Stored items
━━━━

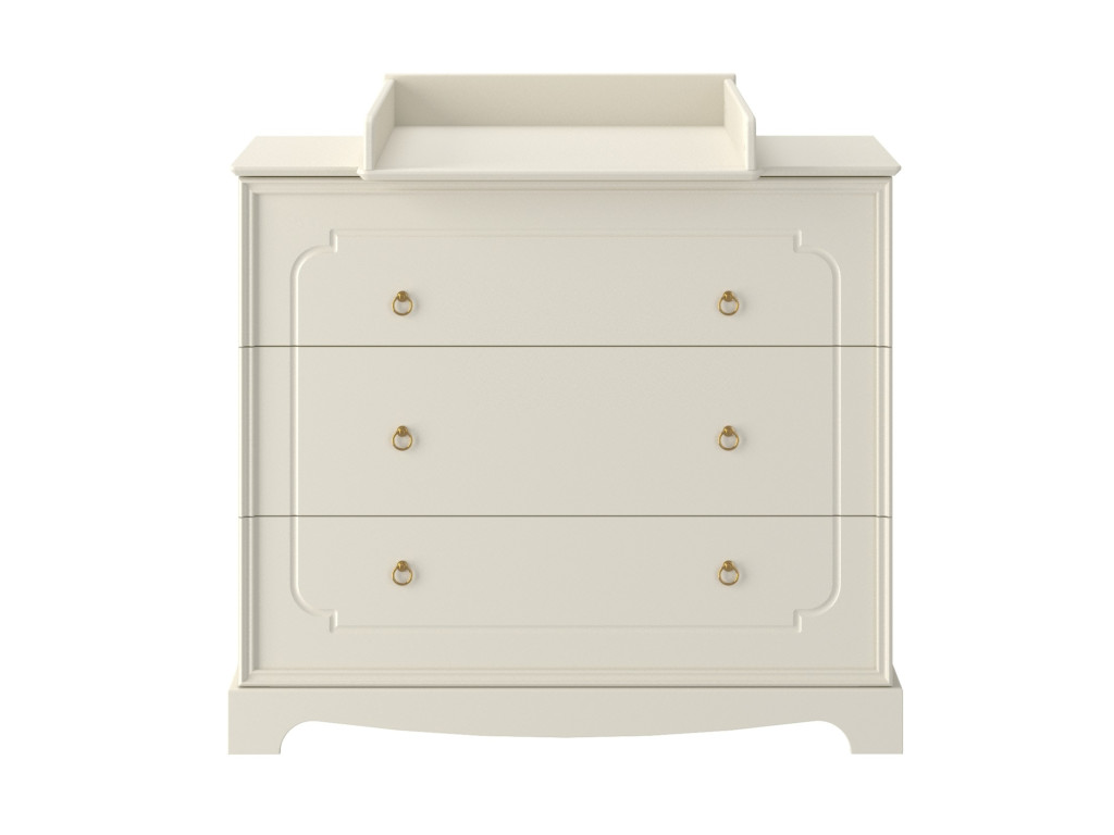 Komoda Royal v odtieni krémová latte je praktickým a elegantným doplnkom každej detskej izby. Poskytuje dostatok úložného priestoru na oblečenie, hračky či posteľnú bielizeň, takže pomáha udržiavať v izbe poriadok a prehľad. Je vyrobená z bezpečných, zdravotne nezávadných materiálov a upravená lakmi vhodnými pre deti. Zlaté úchytky v tvare krúžka pridávajú komode jemný, noblesný charakter, ktorý krásne vynikne v kombinácii s odtieňom krémovej latte.
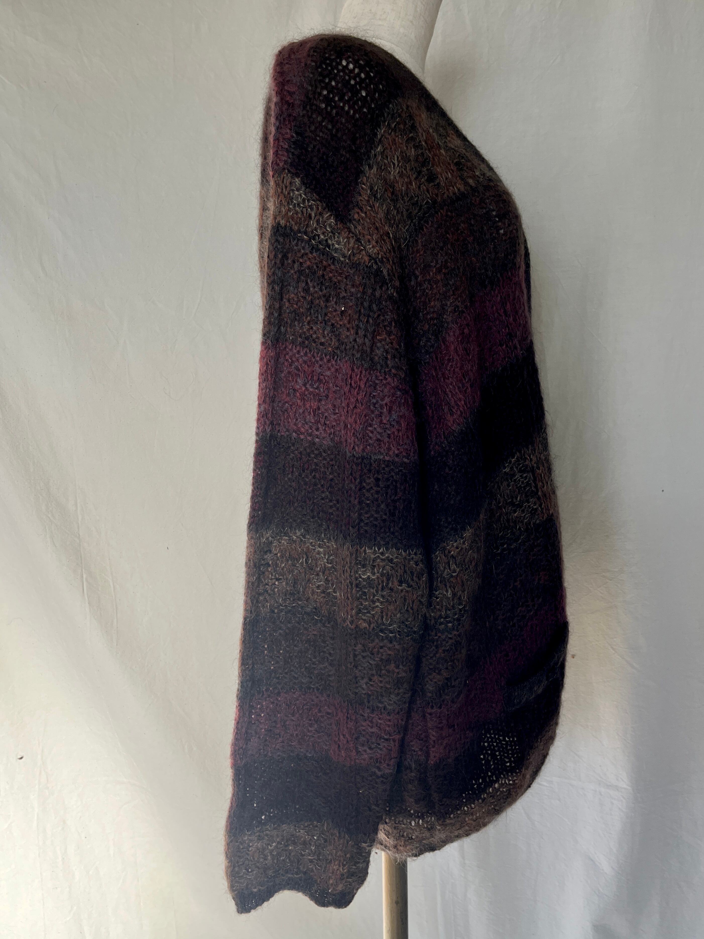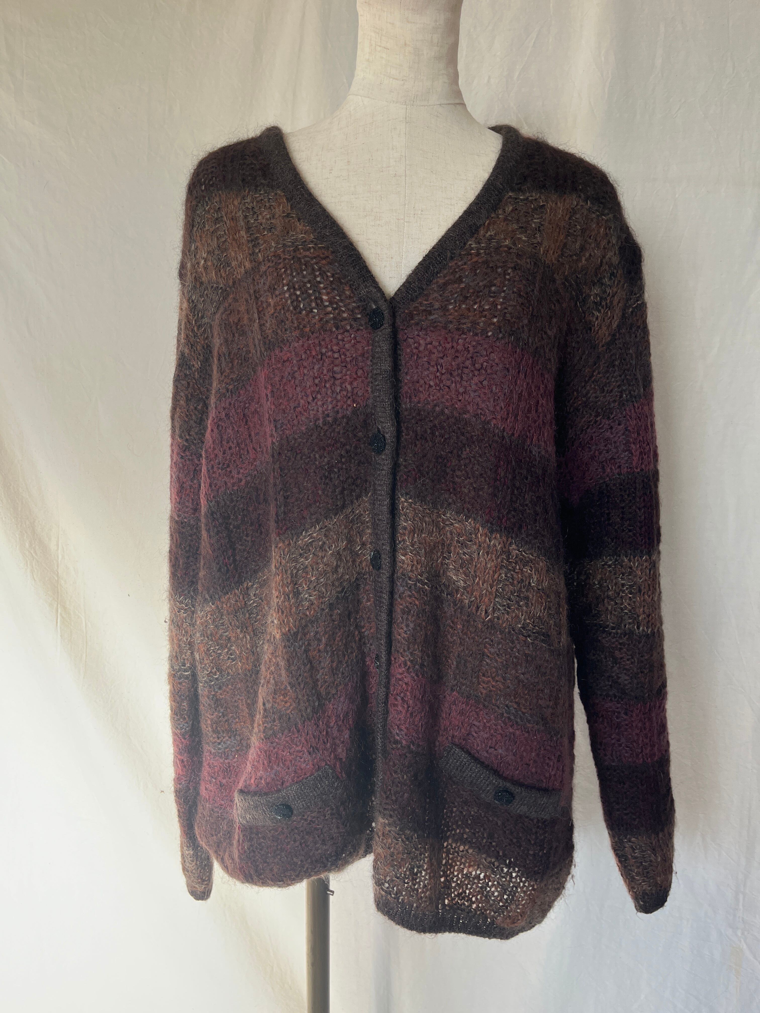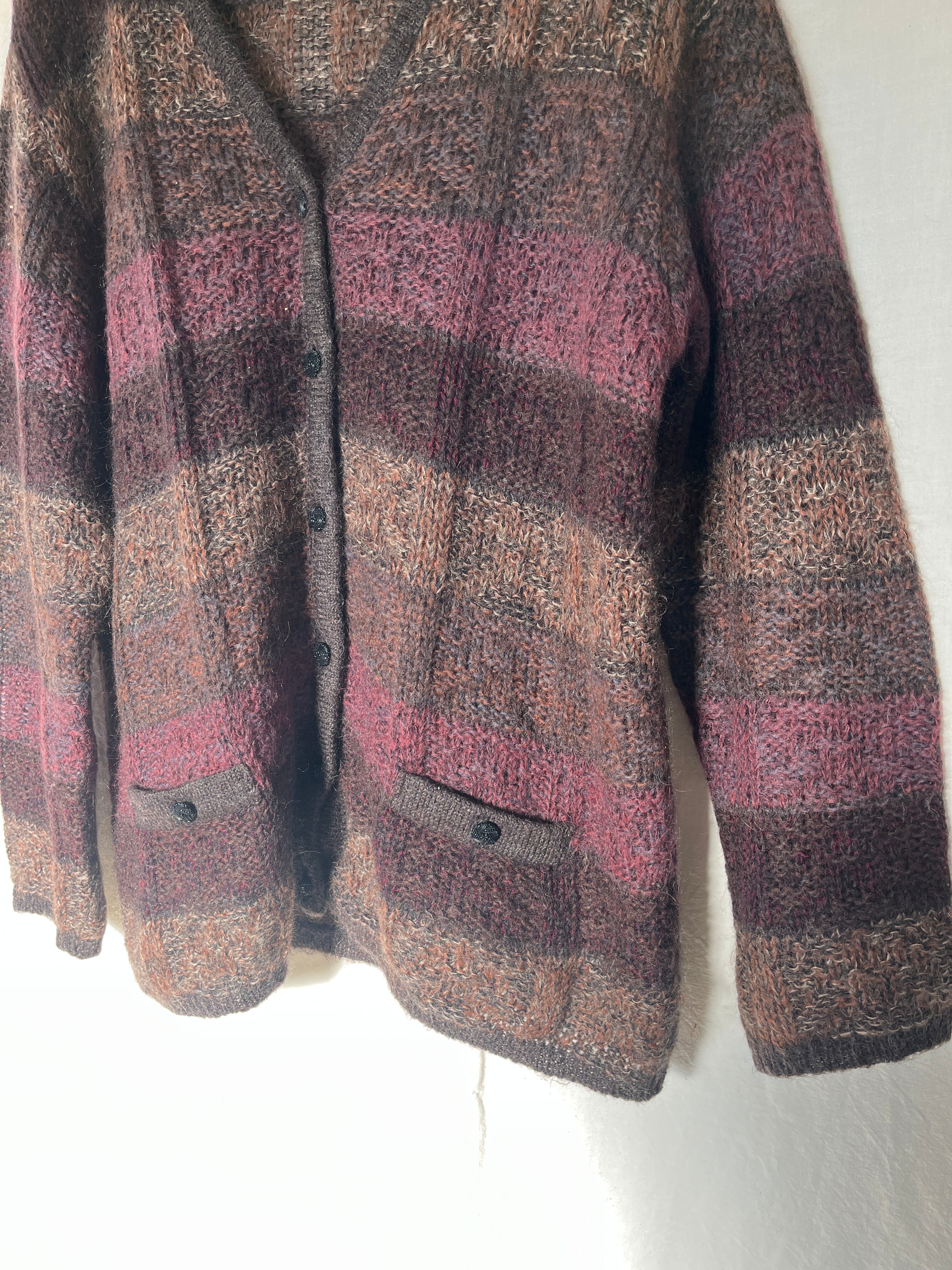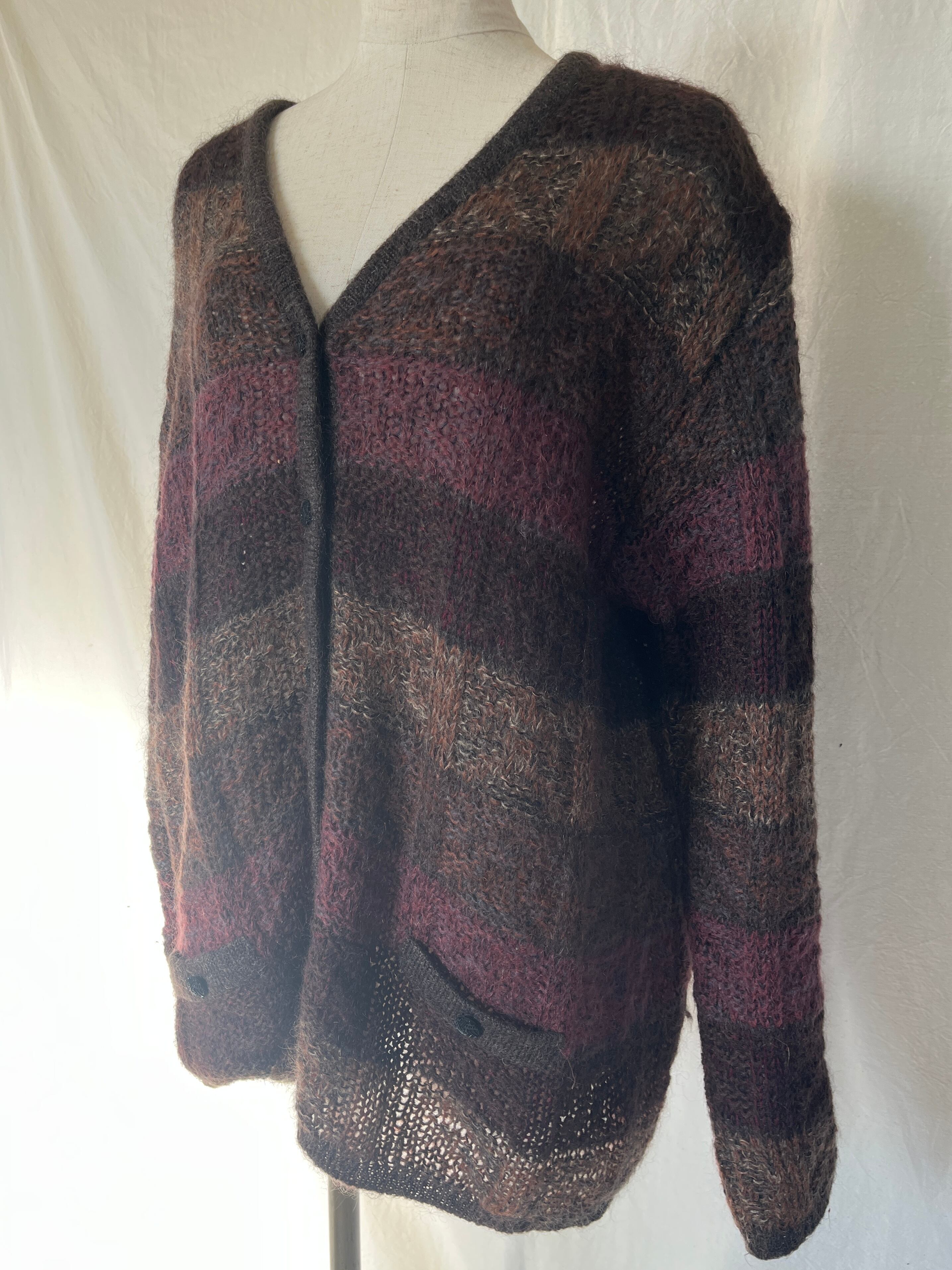 モヘア素材特有の毛足の長いふわふわとした毛並みが魅力的な、ニットカーディガンです。
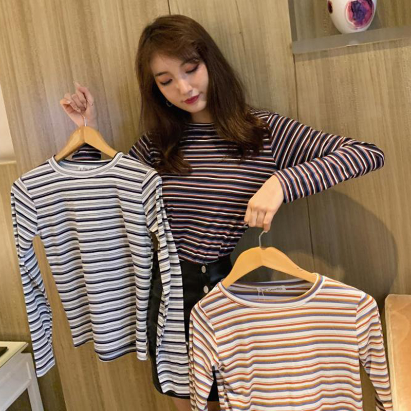 秋裝女2018新款韓版條紋長袖T恤學生修身打底衫百搭圓領體恤上衣
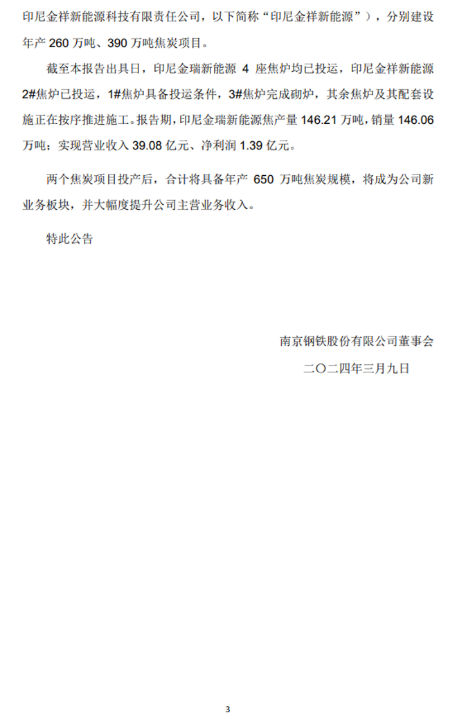 南鋼股份:南京鋼鐵股份有限公司關於2023年第四季度主要經營數據的公告
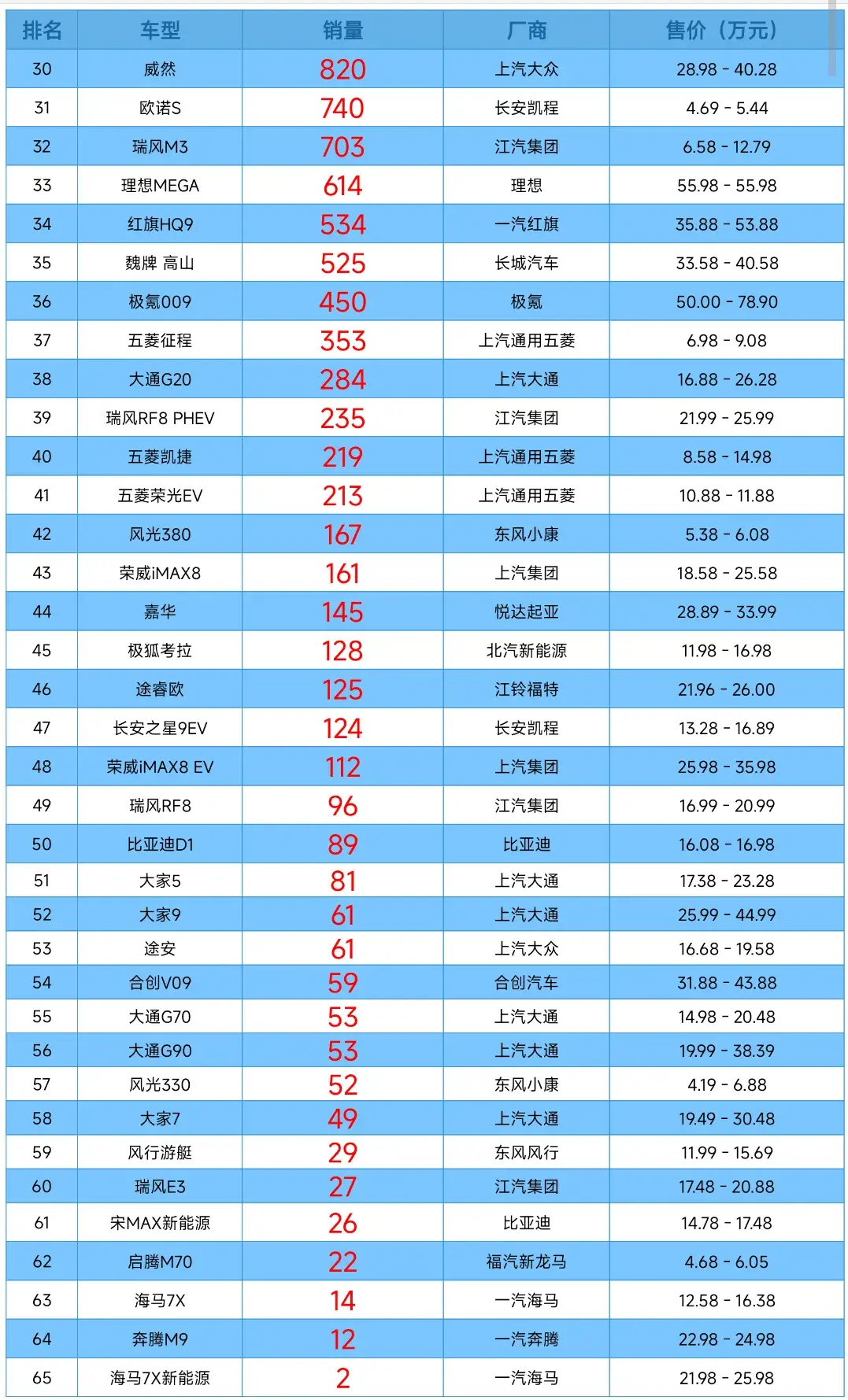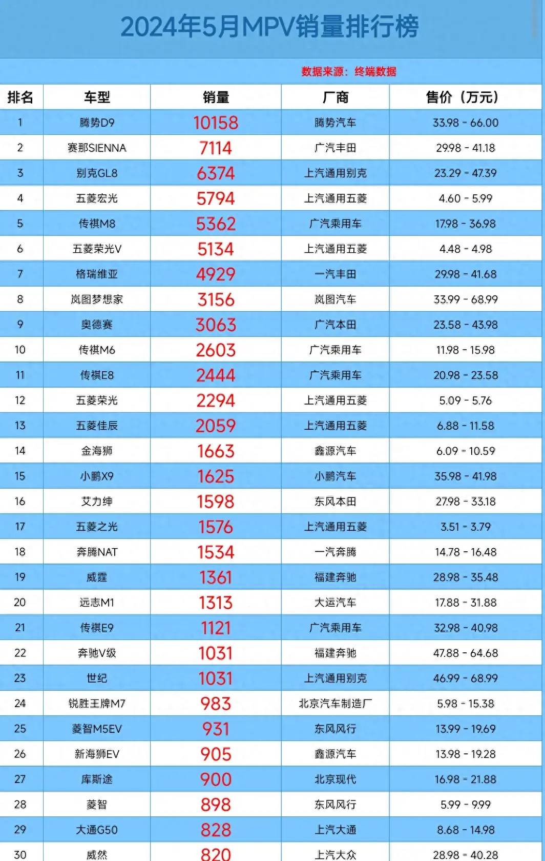 而剩余前三十名中,傳祺M8銷量為5362輛、格瑞維亞銷量為4929輛、傳祺M6銷量為2603輛、五菱佳辰銷量為2059輛、艾力紳銷量為1598輛、威霆銷量為1361輛。

━━━━

EXERCISE INSTRUCTIONS: Please reproduce, word for word, only the lines from the line that holds "モヘア素材特有の毛足の長いふ" through the final line of the entries above, omitting any pictures.

TASK SOLUTION:
 モヘア素材特有の毛足の長いふわふわとした毛並みが魅力的な、ニットカーディガンです。
 秋裝女2018新款韓版條紋長袖T恤學生修身打底衫百搭圓領體恤上衣
 南鋼股份:南京鋼鐵股份有限公司關於2023年第四季度主要經營數據的公告
 而剩余前三十名中,傳祺M8銷量為5362輛、格瑞維亞銷量為4929輛、傳祺M6銷量為2603輛、五菱佳辰銷量為2059輛、艾力紳銷量為1598輛、威霆銷量為1361輛。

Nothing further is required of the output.